Pictures in the listing below are skipped, while the lines from the "10月23日,日本朝日電視台" line through the "Female hands young" line are returned word for word.

Supplied information START

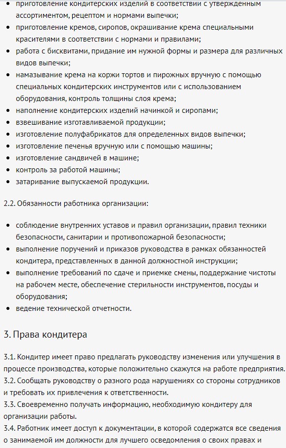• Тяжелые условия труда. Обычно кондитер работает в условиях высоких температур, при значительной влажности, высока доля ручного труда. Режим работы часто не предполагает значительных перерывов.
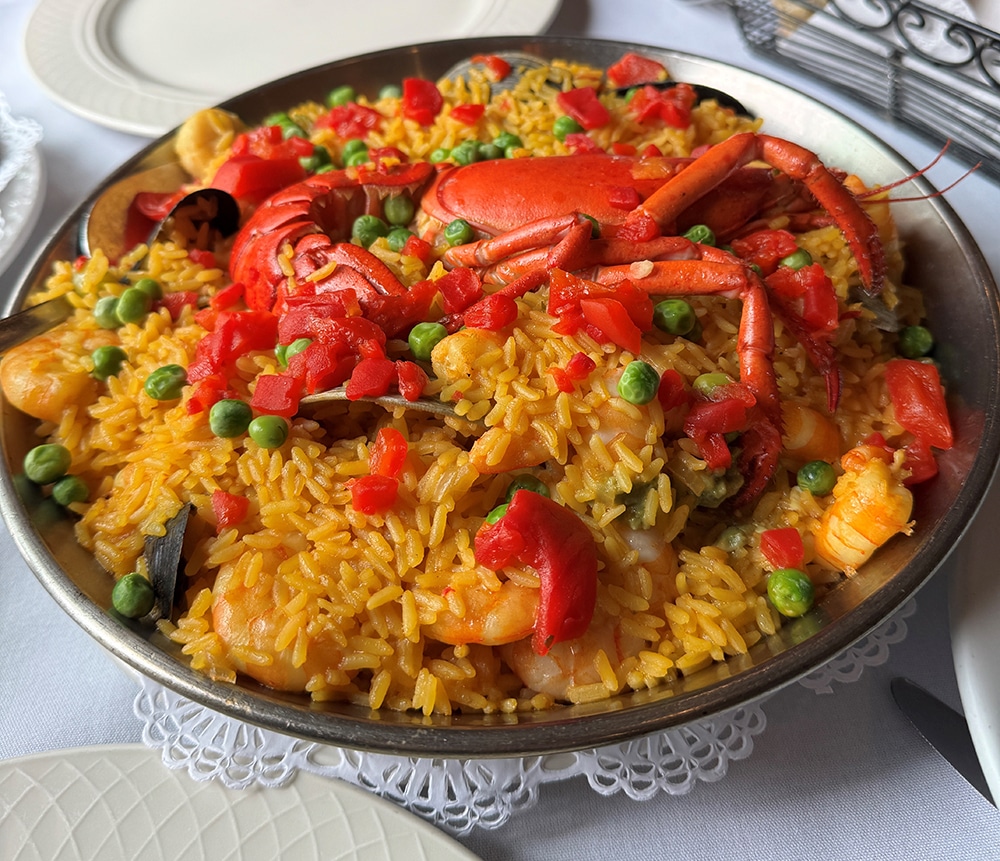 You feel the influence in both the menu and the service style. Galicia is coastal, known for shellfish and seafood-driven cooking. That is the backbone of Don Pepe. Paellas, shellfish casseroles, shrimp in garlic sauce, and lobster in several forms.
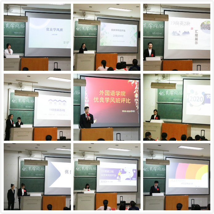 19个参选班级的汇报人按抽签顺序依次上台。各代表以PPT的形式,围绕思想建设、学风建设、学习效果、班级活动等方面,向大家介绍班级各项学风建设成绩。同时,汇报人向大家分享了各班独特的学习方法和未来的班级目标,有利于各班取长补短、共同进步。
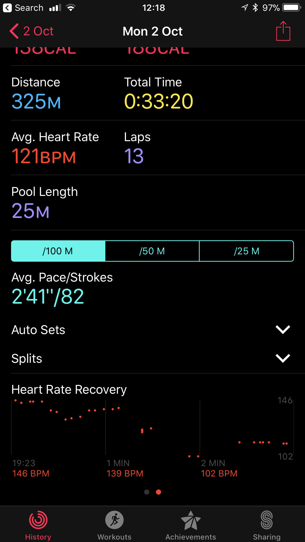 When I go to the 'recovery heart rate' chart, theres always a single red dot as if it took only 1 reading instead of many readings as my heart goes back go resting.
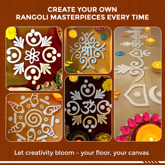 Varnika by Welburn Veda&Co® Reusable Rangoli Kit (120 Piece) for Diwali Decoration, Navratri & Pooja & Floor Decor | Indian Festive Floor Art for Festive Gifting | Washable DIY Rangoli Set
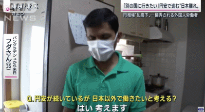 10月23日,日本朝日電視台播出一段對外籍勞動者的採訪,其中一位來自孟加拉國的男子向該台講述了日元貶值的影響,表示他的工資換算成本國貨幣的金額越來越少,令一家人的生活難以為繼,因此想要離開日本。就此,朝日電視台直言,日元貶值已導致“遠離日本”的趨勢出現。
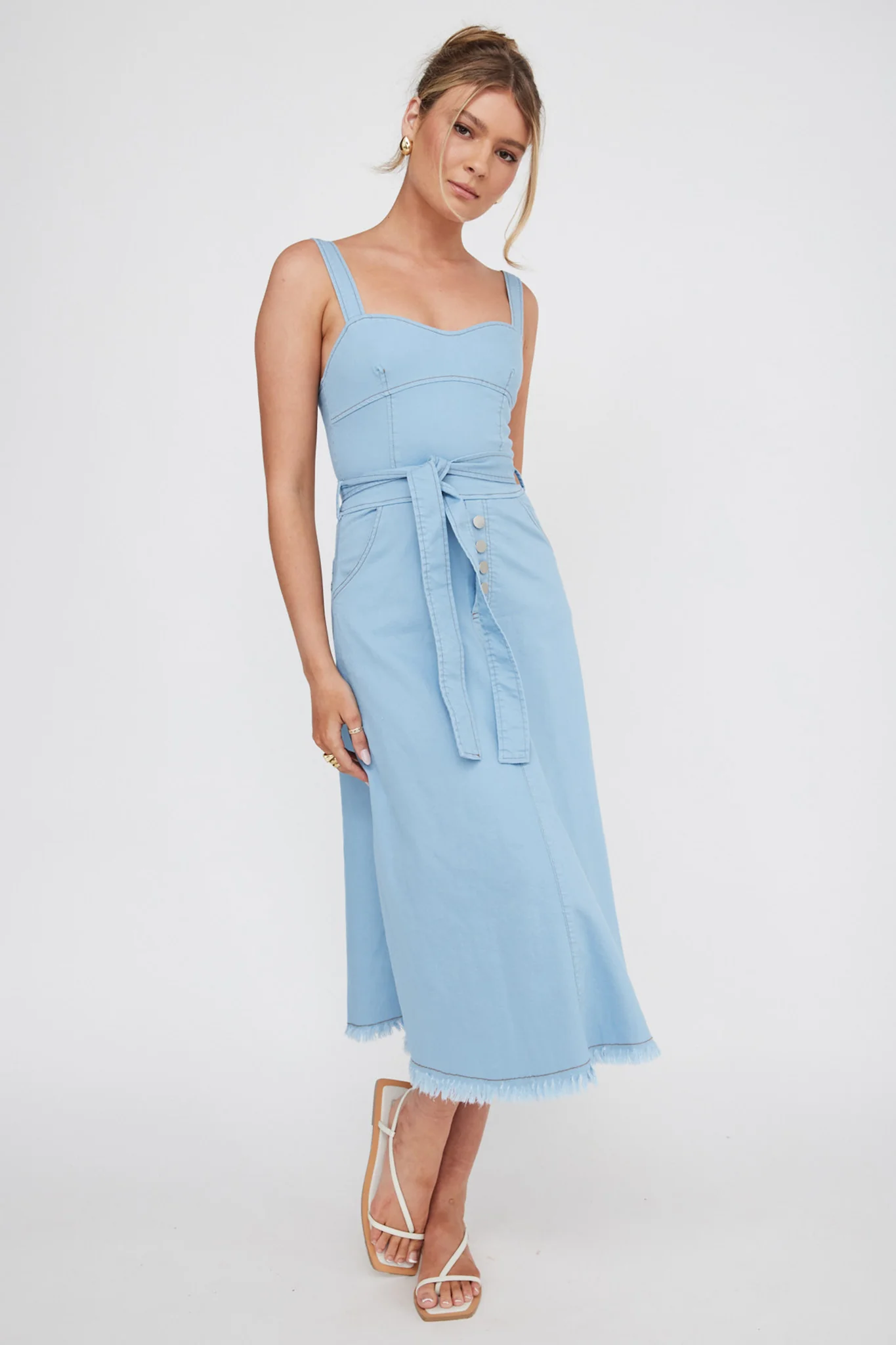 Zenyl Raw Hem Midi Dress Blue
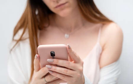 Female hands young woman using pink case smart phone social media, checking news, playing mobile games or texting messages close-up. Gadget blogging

Supplied information END
Supplied information START

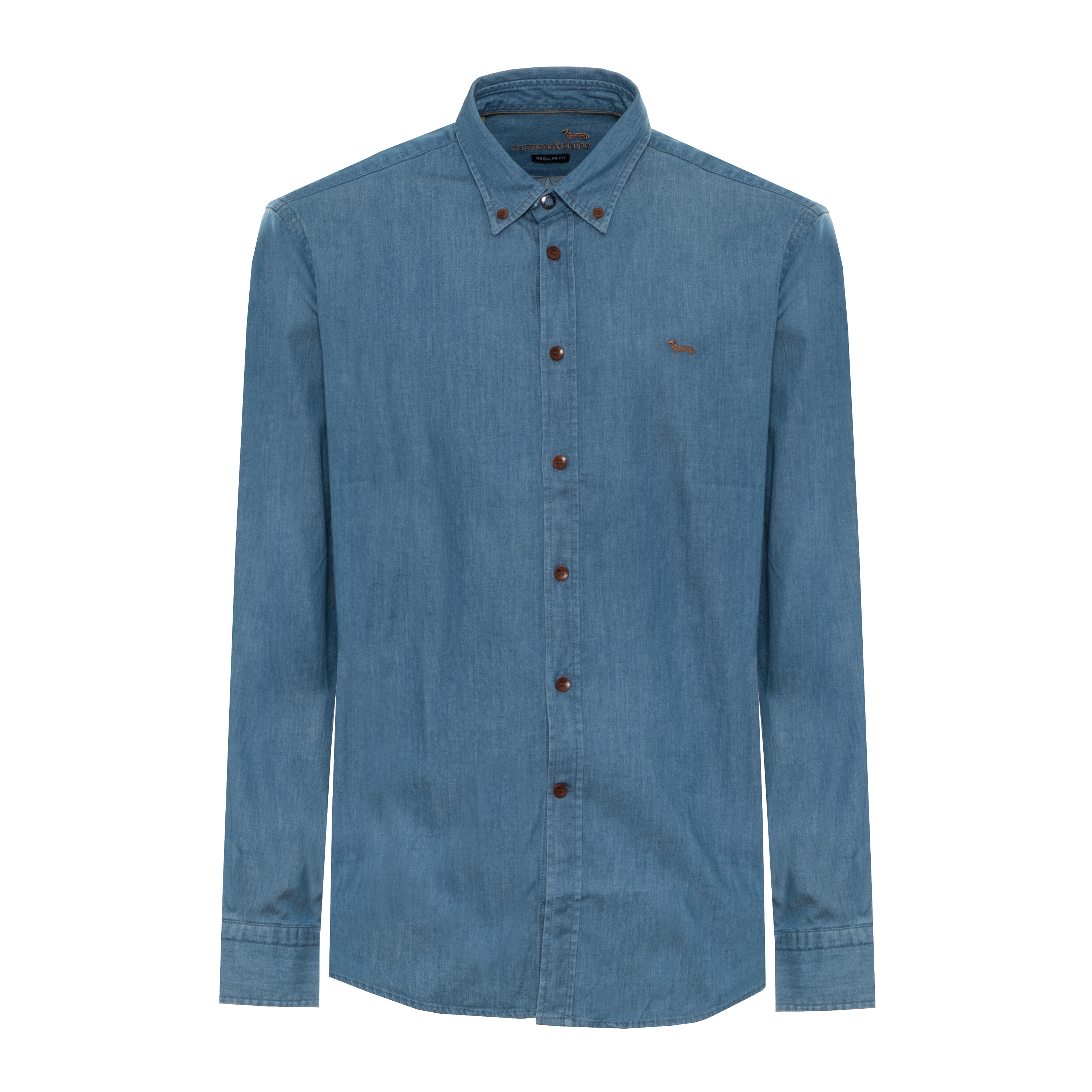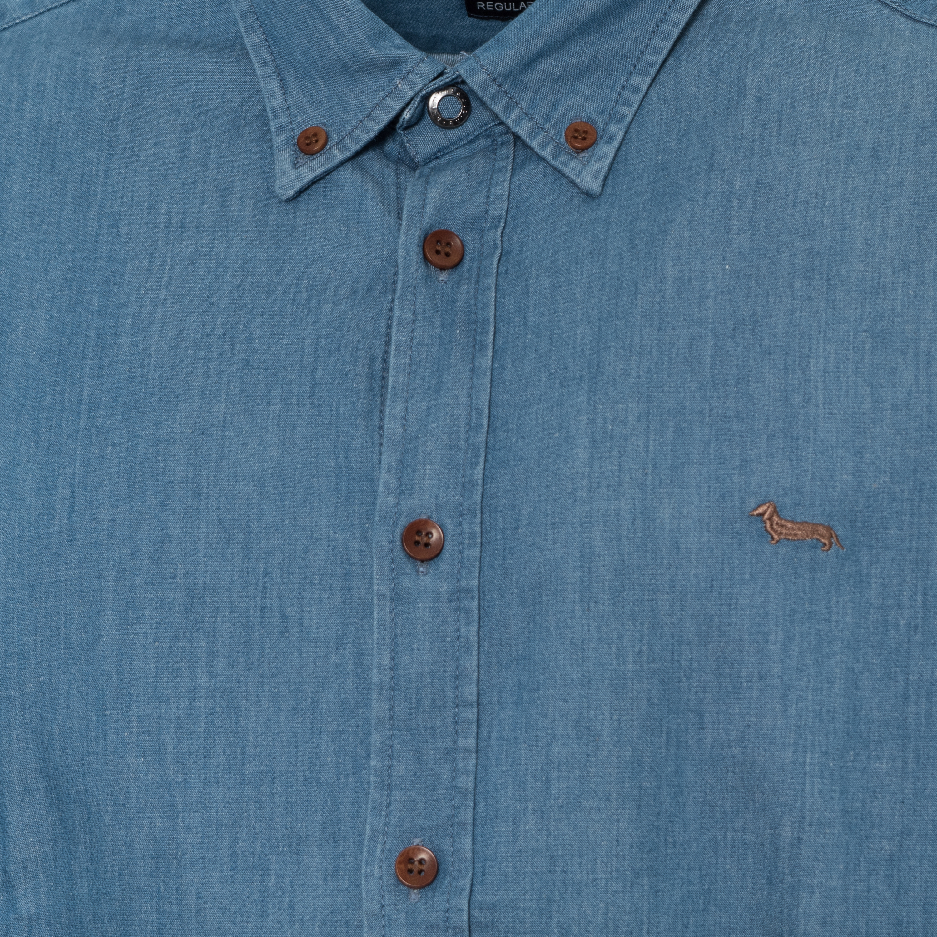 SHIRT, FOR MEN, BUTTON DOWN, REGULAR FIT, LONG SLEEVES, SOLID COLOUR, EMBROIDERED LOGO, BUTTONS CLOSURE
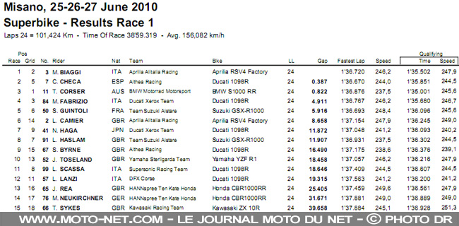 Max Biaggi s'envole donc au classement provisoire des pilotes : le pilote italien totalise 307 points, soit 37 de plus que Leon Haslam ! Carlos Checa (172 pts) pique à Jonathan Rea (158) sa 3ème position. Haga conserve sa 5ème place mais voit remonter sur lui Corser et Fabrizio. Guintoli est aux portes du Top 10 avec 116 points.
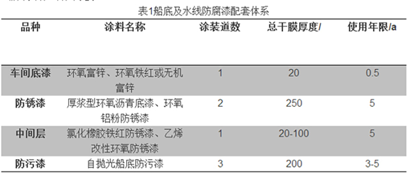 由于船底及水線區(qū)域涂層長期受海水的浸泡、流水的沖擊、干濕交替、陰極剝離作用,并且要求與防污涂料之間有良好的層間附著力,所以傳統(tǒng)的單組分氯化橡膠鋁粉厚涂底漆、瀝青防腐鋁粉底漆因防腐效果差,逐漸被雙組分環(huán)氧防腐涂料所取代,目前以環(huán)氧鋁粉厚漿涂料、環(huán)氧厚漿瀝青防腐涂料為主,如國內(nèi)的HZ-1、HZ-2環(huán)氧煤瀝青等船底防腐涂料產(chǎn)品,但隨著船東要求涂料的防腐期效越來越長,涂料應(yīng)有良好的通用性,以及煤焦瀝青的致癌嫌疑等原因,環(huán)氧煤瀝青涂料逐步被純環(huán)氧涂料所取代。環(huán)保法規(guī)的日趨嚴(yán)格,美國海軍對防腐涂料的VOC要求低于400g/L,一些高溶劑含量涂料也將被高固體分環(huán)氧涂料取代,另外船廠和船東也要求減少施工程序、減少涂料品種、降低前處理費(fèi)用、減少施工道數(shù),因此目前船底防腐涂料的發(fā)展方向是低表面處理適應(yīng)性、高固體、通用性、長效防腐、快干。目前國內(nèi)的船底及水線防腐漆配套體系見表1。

Supplied information END

◆ **Answer box**
 10月23日,日本朝日電視台播出一段對外籍勞動者的採訪,其中一位來自孟加拉國的男子向該台講述了日元貶值的影響,表示他的工資換算成本國貨幣的金額越來越少,令一家人的生活難以為繼,因此想要離開日本。就此,朝日電視台直言,日元貶值已導致“遠離日本”的趨勢出現。
 Zenyl Raw Hem Midi Dress Blue
 Female hands young woman using pink case smart phone social media, checking news, playing mobile games or texting messages close-up. Gadget blogging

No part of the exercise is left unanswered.